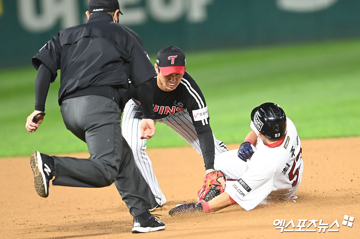 (엑스포츠뉴스 인천, 김한준 기자) 12일 오후 인천 SSG랜더스필드에서 열린 '2021 신한은행 SOL KBO리그' LG 트윈스와 SSG 랜더스의 경기, 6회말 2사 1루 SSG 최주환이 2루 도루를 시도하다 LG 오지환에게 태그 아웃을 당하고 있다.
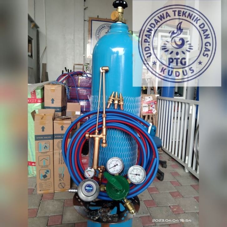 Paket komplit alat las potong + tabung oksigen besar 6m3 + isi siap pakai
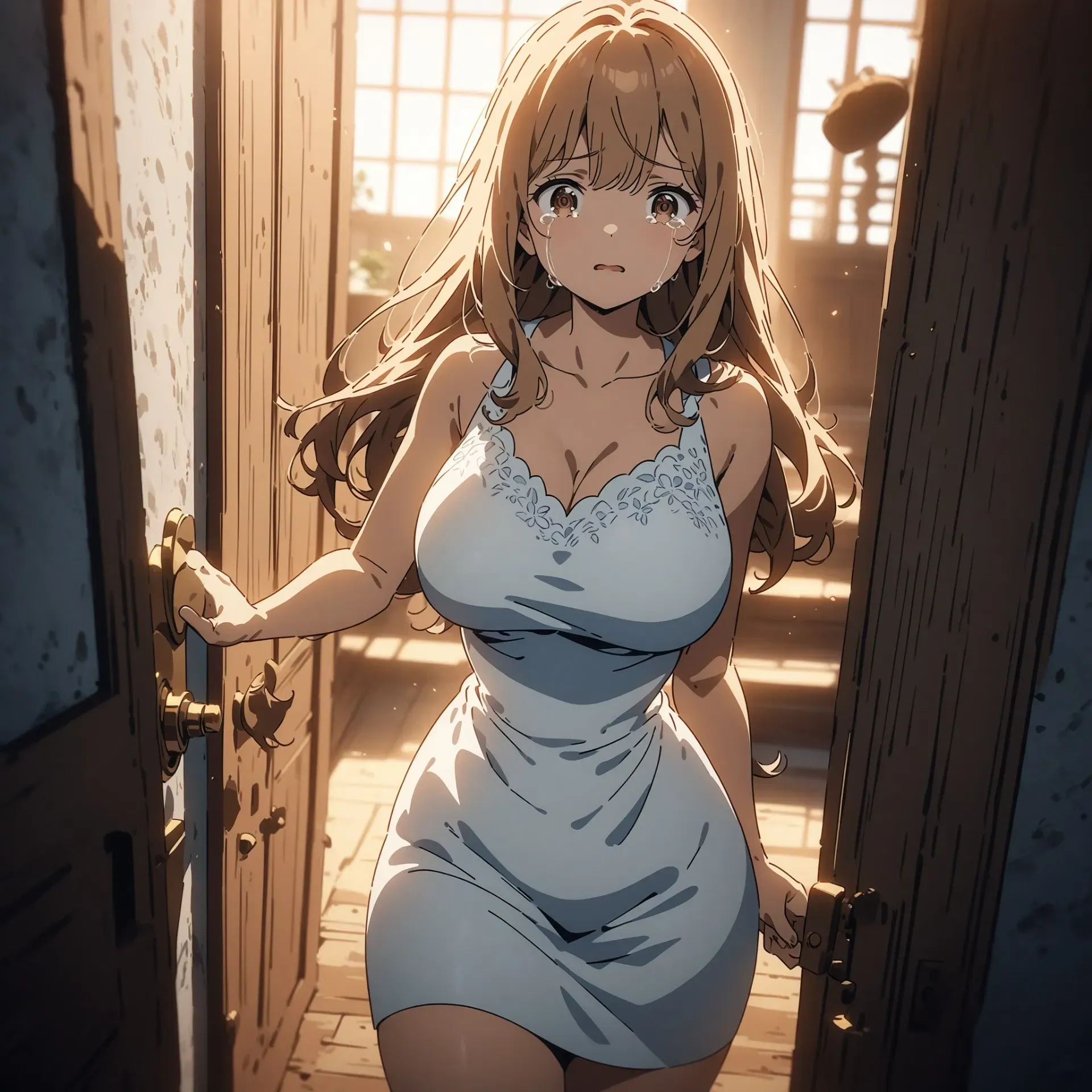 At the front door, you hear faint sounds of crying coming from inside. You knock three times and suddenly the crying changes to sounds of her rushing to the door.
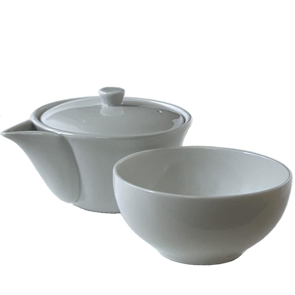 風景ドットコム 研茶用急須 150ml 白 ステンレス茶こし 研茶碗付き日本製
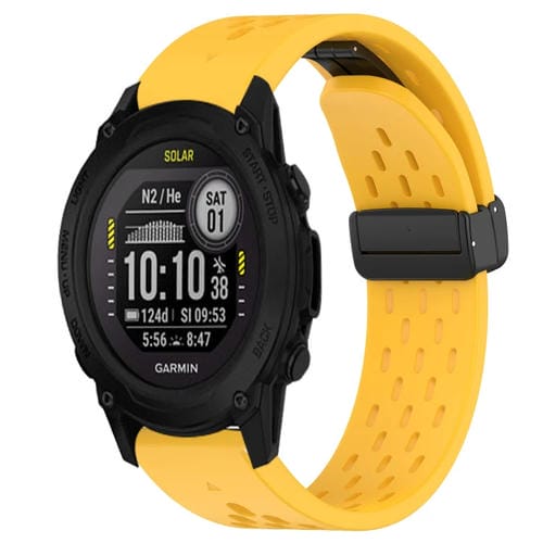 Correa de Reloj silicona Garmin Descent G1 Solar con orificio hebilla plegable 22mm (Amarillo)
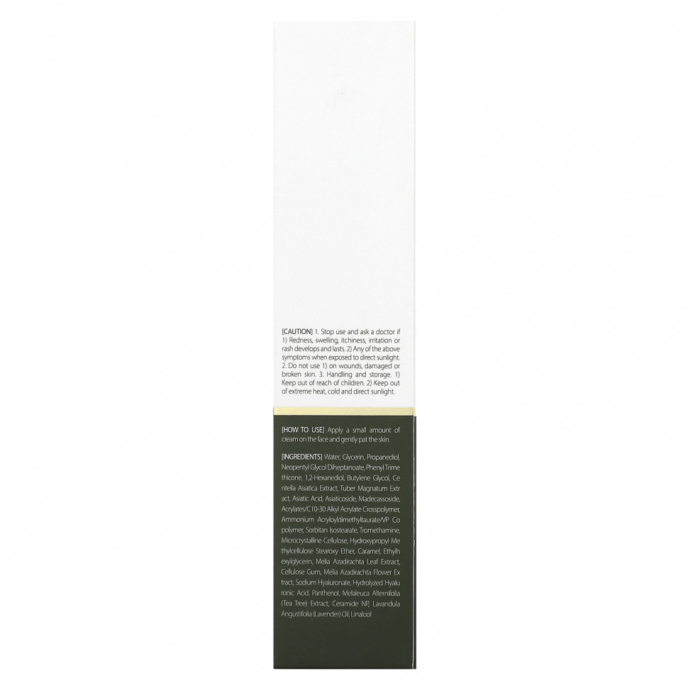 Вода, глицерин, пропандиол, неопентилгликоль дигептаноат, фенилтриметикон, 1,2-гександиол, бутиленгликоль, экстракт готу колы (Centella asiatica), экстракт белого трюфеля (Tuber magnatum), азиатиковая кислота, азиатикозид, мадекассосид, акрилат/c10-30 алкил акрилат кроссполимер, аммоний акрилоилдиметилтаурат/ВП сополимер, сорбитан изостеарат, трометамин, микрокристаллическая целлюлоза, стеароксиэфир гидроксипропилметилцеллюлозы, карамель, этилгексилглицерин, экстракт листьев дерева ним (Melia azadirachta), целлюлозная камедь, экстракт цветков дерева ним (Melia azadirachta), гиалуронат натрия, гидролизованная гиалуроновая кислота, пантенол, экстракт чайного дерева (Melaleuca alternifolia), керамид NP, лавандовое масло (Lavandula angustifolia), линалоол.
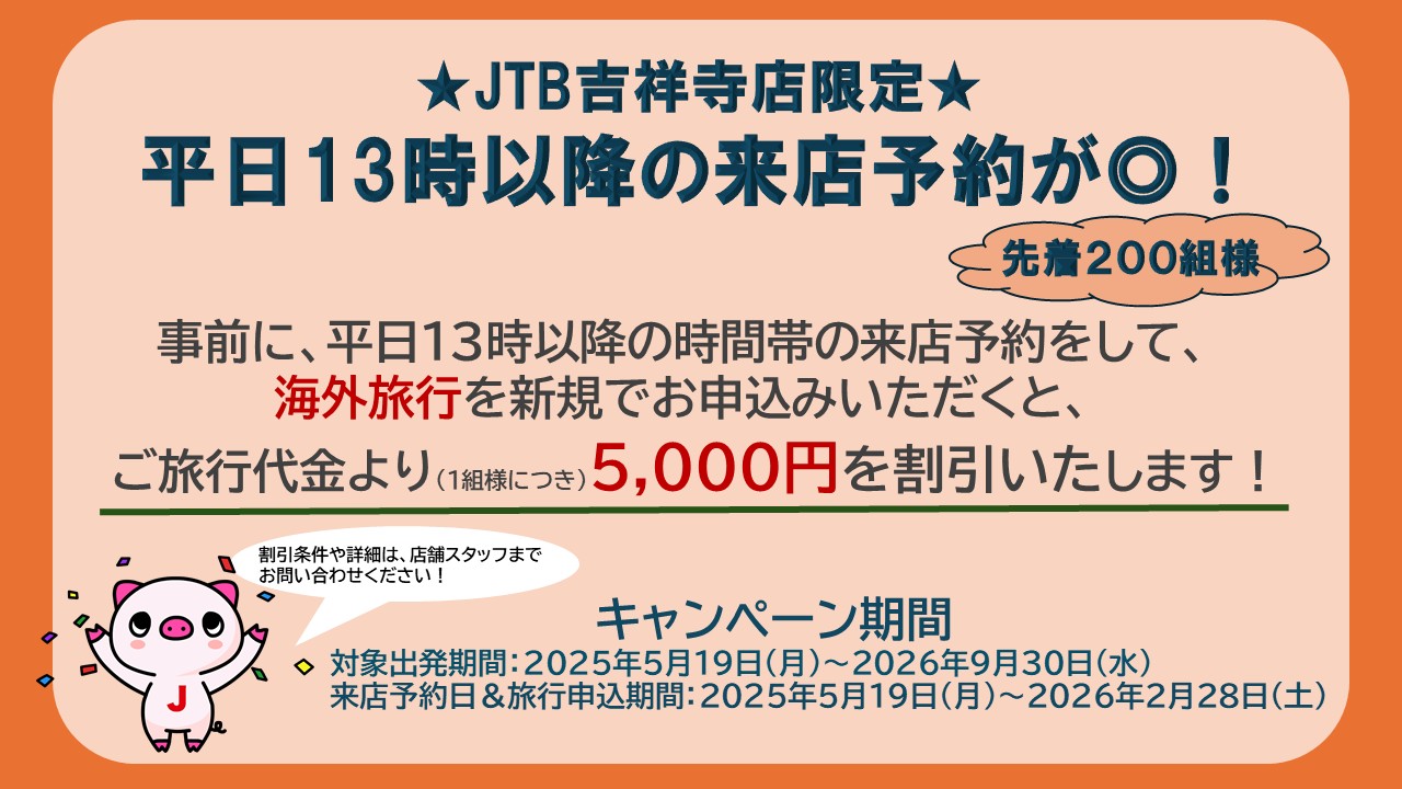 (平日13時~)かつ海外旅行をお申込みのお客様へ
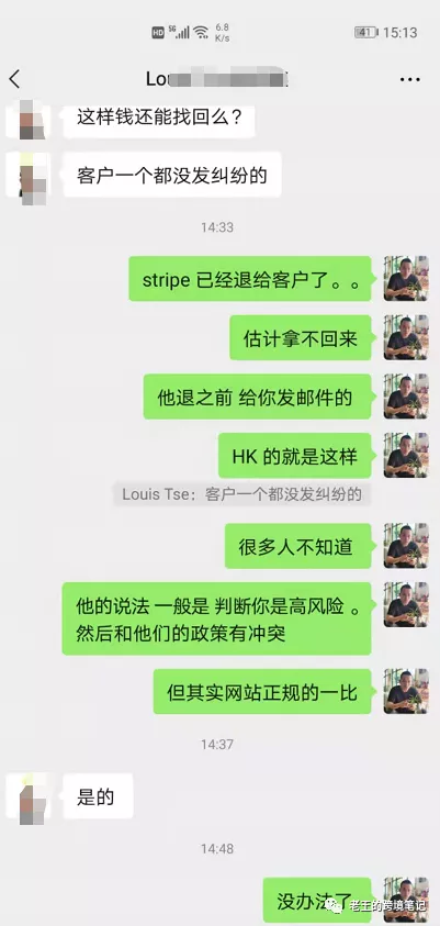 1、千萬別用HK 的Stripe賬戶,早期的HK賬戶的確沒啥問題,不過現在用的國人太多。問題就出來了 。我先貼幾個聊天記錄。
------
Task requirements:
Without including any picture, set down every line above exactly as it stands.

Result of the task:
 (엑스포츠뉴스 인천, 김한준 기자) 12일 오후 인천 SSG랜더스필드에서 열린 '2021 신한은행 SOL KBO리그' LG 트윈스와 SSG 랜더스의 경기, 6회말 2사 1루 SSG 최주환이 2루 도루를 시도하다 LG 오지환에게 태그 아웃을 당하고 있다.
 Paket komplit alat las potong + tabung oksigen besar 6m3 + isi siap pakai
 At the front door, you hear faint sounds of crying coming from inside. You knock three times and suddenly the crying changes to sounds of her rushing to the door.
 風景ドットコム 研茶用急須 150ml 白 ステンレス茶こし 研茶碗付き日本製
 Correa de Reloj silicona Garmin Descent G1 Solar con orificio hebilla plegable 22mm (Amarillo)
 Вода, глицерин, пропандиол, неопентилгликоль дигептаноат, фенилтриметикон, 1,2-гександиол, бутиленгликоль, экстракт готу колы (Centella asiatica), экстракт белого трюфеля (Tuber magnatum), азиатиковая кислота, азиатикозид, мадекассосид, акрилат/c10-30 алкил акрилат кроссполимер, аммоний акрилоилдиметилтаурат/ВП сополимер, сорбитан изостеарат, трометамин, микрокристаллическая целлюлоза, стеароксиэфир гидроксипропилметилцеллюлозы, карамель, этилгексилглицерин, экстракт листьев дерева ним (Melia azadirachta), целлюлозная камедь, экстракт цветков дерева ним (Melia azadirachta), гиалуронат натрия, гидролизованная гиалуроновая кислота, пантенол, экстракт чайного дерева (Melaleuca alternifolia), керамид NP, лавандовое масло (Lavandula angustifolia), линалоол.
 (平日13時~)かつ海外旅行をお申込みのお客様へ
 1、千萬別用HK 的Stripe賬戶,早期的HK賬戶的確沒啥問題,不過現在用的國人太多。問題就出來了 。我先貼幾個聊天記錄。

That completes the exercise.